Apologies for the long absence — I’ve been traveling first to the March Madness games in Ohio and Pennsylvania, watched my son run the Eugene Marathon in April and gathered all my adult kids for a concert at Red Rocks, and then I spent 10 days driving the original Route 66 from Santa Monica to Chicago, celebrating my 66th birthday on Route 66. It’s the 100th anniversary of the Mother Road, and I’m pleased I wasn’t turning 100, too. I highly recommend the 2,400-mile drive and may write about it separately. But I’m back, and CarMax didn’t stop offering unicorns while I was gone. Case in point. A 2016 Mercedes E550 convertible, just in time for summer.

It’s time to replace my 2013 BMW M3 convertible, and so I’ve been searching CarMax for a possible successor. That’s how I came across this pristine, 19,000-mile version that fits our unicorn threshold. Sometimes a car just sits there quietly on the CarMax website, not asking for attention, not sporting a wing or a custom wrap, just being excellent. This 2016 Mercedes-Benz E550 is that kind of car. A sleeper. (Found a few other interesting convertibles I’ll post about in the coming days.)

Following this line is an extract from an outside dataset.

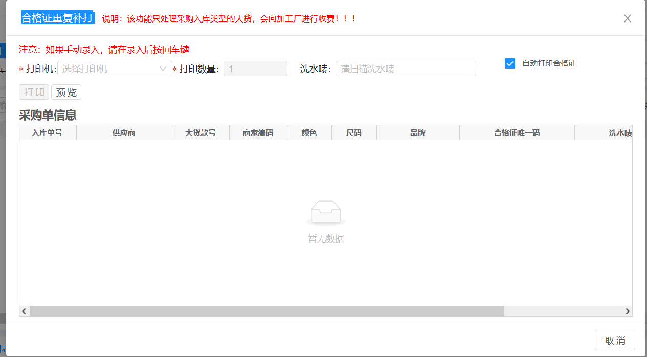 1、该功能仅试用于采购入库收到大货出现唯一码和合格证的异常问题,样衣退货、销退等入库单不要使用该功能。

The E550 convertible is, in my view, the sweet spot of the W212 E-Class generation — the last of the “old school” Mercedes before the all-new 2017 model arrived and went full touchscreen. It’s analog enough to feel real, modern enough to want. Triple black, too. CarMax has 3,093 Mercedes available today. Only 134 are V8’s. Can you believe that about 70% of the Mercedes models offered are four-cylinders?!

Handsome enough inside, although modest in features; navigation, cruise control, heated seats, a rear view camera (not a given in 2016 – they didn’t become mandatory in the US until 2018), and not much else. Looks new. The rear seating area below is adequate for smaller people, but likely hell to climb in and out of, unless the top is down and you’re nimble enough to clamber over the side. Save it for the kids.

Under the hood is the reason we’re here: a twin-turbocharged 4.7-liter V8 making 402 horsepower and 443 lb-ft of torque, pushing the car to 60 mph in somewhere around 4.5-4.9 seconds depending on who’s timing it. Mercedes says 4.9. Journalists say faster. Either way, nobody’s complaining. Power flows through a seven-speed automatic with paddle shifters to the rear wheels — the way the Germans intended, I suppose. At 19,000 miles, it’s hardly broken in.

The 2016 Mercedes E550 convertible started around $65,000 new a decade ago. CarMax has it at $35,998, which leaves meaningful room in the budget for MaxCare — and on a twin-turbo V8 Mercedes, you want MaxCare. It’s a two-owner, accident free car that’s been in Florida and Georgia for the last decade. The car is currently reserved here in Norcross, Georgia. And if you’d rather have a 2013 BMW M3 convertible with some MaxCare remaining, you know where to find me.